# Interior Painting Process??



## N8inNV (Nov 16, 2002)

First off I have a few Questions...

1) What type of paint should be used?
2) Primer?
3) Clearcoat?
4) Electric or Hand Sand the faux leather pieces?
5) Think Silver Metalic would look good for a Teal b14?


----------



## sr20 805 (Oct 7, 2002)

i thought your car was black.........anywho....u want to manually sand the parts(not electric)......also u should always primer!! i used a 400 grit on my interior....primered 2 coats and then used metallic silver.......then of course a clear top coat!!


----------



## Ninety-Nine SE-L (May 5, 2002)

Quesstion #1. paint all depends on your spending budget. how much do you want to pay? Do you want a professional job from an autobody shop or a few $2.99 cans of spray paint. I'll be honest, I did a silver alumium color in my car (also teal outside) and I used spray paint, primer, and flat top coat. It looks awesome, but not professional. I'm seriously thinking of doing a professional job to get the results I want (I wrote another thread in this section just today, take a look).

#2. Paint sticks pretty well to metal, plastic isn't as good. Primer will definately be necessary if you want the paint to stick.

#3. clearcoat will preserve the finish and it will also give you the finishing texture (I'm looking for a gloss shine)

#4. What leather pieces? You should only paint the solid plastic pieces. Yes, sand them very well.

#5. Silver goes with about anything. You should look for a good color theme to go for around the car. What's going on outside? What's going on in the engine bay?


----------



## Guest (Jan 23, 2003)

*InteriorPaint*

What's Up! The name is CODY web name (RATED-R) There is to ways to do this.
The inexpensive way & the expensive way.
Way 2 first 
This is the real way, you need a compressor, airbrush, exterior car paint, primer, exterior clearcoat.

There is this fiber glass liquid that you apply with a paint brush it gets hard you use this on the cloth part and on the dashboard to take out the impressions.(I think you get this at a auto body shop) The colored paint too.

*a cheaper way is at the bottom of page.*

Wet sand paper the finest grit & the second finest. 
(The sand paper is for imperfection on the surfaces to be painted or repainted most of the interior has to be wet sanded before primed.
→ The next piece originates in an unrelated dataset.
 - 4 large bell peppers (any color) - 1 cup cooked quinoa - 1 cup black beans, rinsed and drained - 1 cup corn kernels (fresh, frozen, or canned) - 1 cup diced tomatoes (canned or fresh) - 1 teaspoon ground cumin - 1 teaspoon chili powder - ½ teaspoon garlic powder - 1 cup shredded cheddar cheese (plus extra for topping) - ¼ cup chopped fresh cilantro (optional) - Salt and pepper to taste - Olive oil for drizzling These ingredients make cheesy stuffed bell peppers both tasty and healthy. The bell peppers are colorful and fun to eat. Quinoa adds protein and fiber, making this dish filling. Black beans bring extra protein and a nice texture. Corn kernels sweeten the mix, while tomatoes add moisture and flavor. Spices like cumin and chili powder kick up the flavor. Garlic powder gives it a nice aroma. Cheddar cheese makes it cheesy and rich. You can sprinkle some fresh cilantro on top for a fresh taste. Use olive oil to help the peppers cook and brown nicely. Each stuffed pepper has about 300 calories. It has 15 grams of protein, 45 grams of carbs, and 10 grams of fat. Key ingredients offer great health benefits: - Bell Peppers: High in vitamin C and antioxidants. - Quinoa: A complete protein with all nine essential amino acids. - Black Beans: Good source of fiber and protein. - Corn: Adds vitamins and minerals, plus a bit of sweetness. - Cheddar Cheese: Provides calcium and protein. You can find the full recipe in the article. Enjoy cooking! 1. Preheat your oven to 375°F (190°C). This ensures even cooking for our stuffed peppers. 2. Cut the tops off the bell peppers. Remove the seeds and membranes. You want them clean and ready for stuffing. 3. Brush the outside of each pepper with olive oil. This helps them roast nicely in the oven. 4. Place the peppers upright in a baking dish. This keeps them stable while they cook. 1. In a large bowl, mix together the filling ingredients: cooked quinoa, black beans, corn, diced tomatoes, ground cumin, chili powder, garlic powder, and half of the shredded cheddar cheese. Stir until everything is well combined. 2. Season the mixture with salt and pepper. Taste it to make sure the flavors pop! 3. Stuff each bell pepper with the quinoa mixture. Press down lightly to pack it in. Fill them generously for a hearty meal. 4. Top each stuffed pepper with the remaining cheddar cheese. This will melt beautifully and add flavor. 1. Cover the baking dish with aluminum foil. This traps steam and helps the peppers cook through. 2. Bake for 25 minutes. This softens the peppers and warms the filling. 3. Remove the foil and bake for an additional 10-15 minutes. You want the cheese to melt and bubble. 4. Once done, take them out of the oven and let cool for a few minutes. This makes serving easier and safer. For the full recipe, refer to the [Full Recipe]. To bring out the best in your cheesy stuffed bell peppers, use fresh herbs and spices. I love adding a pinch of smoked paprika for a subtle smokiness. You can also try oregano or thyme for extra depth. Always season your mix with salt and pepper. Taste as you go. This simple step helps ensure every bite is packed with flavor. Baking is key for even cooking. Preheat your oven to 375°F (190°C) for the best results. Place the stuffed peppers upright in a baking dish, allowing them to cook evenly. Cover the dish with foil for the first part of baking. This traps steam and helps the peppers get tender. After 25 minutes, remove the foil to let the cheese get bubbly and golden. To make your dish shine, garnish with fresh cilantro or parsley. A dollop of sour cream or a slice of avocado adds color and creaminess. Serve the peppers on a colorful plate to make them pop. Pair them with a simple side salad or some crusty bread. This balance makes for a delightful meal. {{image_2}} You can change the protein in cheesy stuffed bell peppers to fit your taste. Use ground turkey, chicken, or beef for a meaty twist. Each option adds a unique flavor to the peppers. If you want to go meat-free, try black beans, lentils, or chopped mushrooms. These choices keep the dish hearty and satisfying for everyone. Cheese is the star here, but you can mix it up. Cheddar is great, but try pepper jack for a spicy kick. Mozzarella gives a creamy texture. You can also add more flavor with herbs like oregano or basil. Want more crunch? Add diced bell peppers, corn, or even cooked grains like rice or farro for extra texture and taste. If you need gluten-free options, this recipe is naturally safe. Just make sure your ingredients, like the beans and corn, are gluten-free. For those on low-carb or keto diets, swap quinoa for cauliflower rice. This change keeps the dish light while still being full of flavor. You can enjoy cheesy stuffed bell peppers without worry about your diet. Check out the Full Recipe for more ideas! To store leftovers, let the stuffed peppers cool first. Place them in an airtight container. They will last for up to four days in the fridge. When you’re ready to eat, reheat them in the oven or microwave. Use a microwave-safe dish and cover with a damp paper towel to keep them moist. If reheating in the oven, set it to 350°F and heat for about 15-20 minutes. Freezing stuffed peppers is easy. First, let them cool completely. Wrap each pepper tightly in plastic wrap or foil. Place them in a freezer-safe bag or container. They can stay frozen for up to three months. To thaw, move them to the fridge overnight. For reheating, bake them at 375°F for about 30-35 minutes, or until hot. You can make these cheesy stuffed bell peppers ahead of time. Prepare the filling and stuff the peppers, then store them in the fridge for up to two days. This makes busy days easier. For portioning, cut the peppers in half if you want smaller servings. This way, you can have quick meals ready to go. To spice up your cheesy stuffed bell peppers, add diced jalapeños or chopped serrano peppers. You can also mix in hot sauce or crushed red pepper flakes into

If not primer and paint won't adheir well or at all.)

For way 1 or way 2 you need to wet sand everything accept door panel and dashboard. ( Center console, bessial, trim of all a/c vents the ones on the dashboard to, ash tray front ) all of these have to be wet sanded until it looks ashy you will know when to stop. This is to take the finish off.
2 wet sand get some warm water and a little bit of dish washing liquid that's it. 
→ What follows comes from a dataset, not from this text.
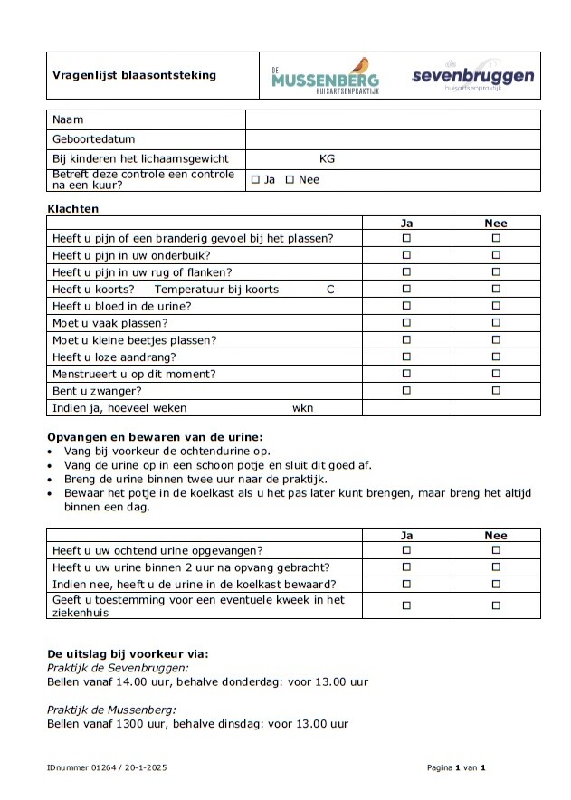 Vrouwen kunnen nog wel eens last hebben van blaasontsteking. Als u pijn hebt bij het plassen of heel vaak moet plassen, dan is het verstandig om uw urine te laten onderzoeken. Geef uw urine voor 10 uur 's ochtends af bij de assistente en u kunt meestal aan het eind van de middag al bellen voor de uitslag. Zet wel duidelijk uw naam en geboortedatum op het potje en geef aan welke klachten u ervaart: gebruik de vragenlijst en lever deze samen met uw urine in bij de assistente.

Do the bessial first because it is the easiest to replace. This is like a stock look also. If you color this first it will be easier to color match & color accent the car. 

* If you use white do not use clear coat the heat will turn it yellow. Use white gloss in a spray can. ( AmericasFinest ) - Found at Home Depot.

* Things that people touch a lot use 2 coats of clearcoat ( Spray 1 coat one day wait 2 days and spray another. 

* If you spray to much clearcoat it cause the paint to fisheye spray in a fan motion not to close and not to far ( about 9 to 10 inches. Same with clearcoat.{*WATCH THE CLEARCOAT}

* When spraying get paint on you. Hold what ever you are spraying up so you can see what you are doing. Don't spray it on the floor because it will run and you will get drips.
*Take your time. Painting, and putting it back in.

Way 1 - Go to Home Depot buy Americas Finest wet sandable primer ( blue can / gray top ) any Americas Finest color or (Krilon - ask any body who tags the colors are great!!! Last Americas Finest clearcoat ( blue can / clear top ) 

Any questions write me at ( [email protected] )
If I can get some pics I'll send them.

( For way 1 & 2 use same steps. )

Write back so I can help you step by step. ( Do one piece at a time. )


----------



## NissanTuner (Dec 1, 2002)

Plastikote spray paint works awesome on our interior pieces, I can honestly say that my interior bezel looks professionally painted, its that bright and glossy. I used Plastikote candy apple blue ontop of plastikote sandable primer, then basted the bitch in like 6 layers of plastikote candy apple metal flake clear coat.

Sanding is the most important aspect of this whole operation, your paint will look like crap if you dont sand the pieces completely smooth. If you wanna get an especially shiny coat, instead of sanding the pieces, bondo them with a very light coat to fill in the leather grain dimples molded into the plastic pieces, then sand it down.


----------



## 1CLNB14 (Apr 30, 2002)

www.G2usa.com

http://www.g2usa.com/interior.shtml


----------



## MP2050 (May 1, 2002)

1CLNB14 said:


> *www.G2usa.com
> 
> http://www.g2usa.com/interior.shtml *


Good company--I will be getting my Caliper paint from them soon....


----------



## 1CLNB14 (Apr 30, 2002)

MP2050 said:


> *Good company--I will be getting my Caliper paint from them soon.... *


I agree, they hooked me up.


----------



## N8inNV (Nov 16, 2002)

Well, All of you guys who gave me advice on how to paint my interior hlped alot.. the wet-sanding with 400grit, worked perfect, and I primered all the pieces, and sprayed about 2-3 coats of krilon mettalic silver paint on them, then double clear coated the pieces, for the glossy shine.. well, thanks again.. oh and, i also looked into the G2 caliper paint.. looks nice, on the project 200sx, they did a good job with it.. well, thanks again guys...

N8


----------



## runik (Dec 31, 2002)

Can we see some pictures n8?


----------



## N8inNV (Nov 16, 2002)

I will post some pics this weekend, i got school today so i cant get around to it till tomorrow... but i will it looks nice..


----------



## superfro86 (May 15, 2002)

only if i could get some of that G2 vinyl die in the exact same shade of gray to match my interior so i can make that black steering wheel match with my dashboard.


----------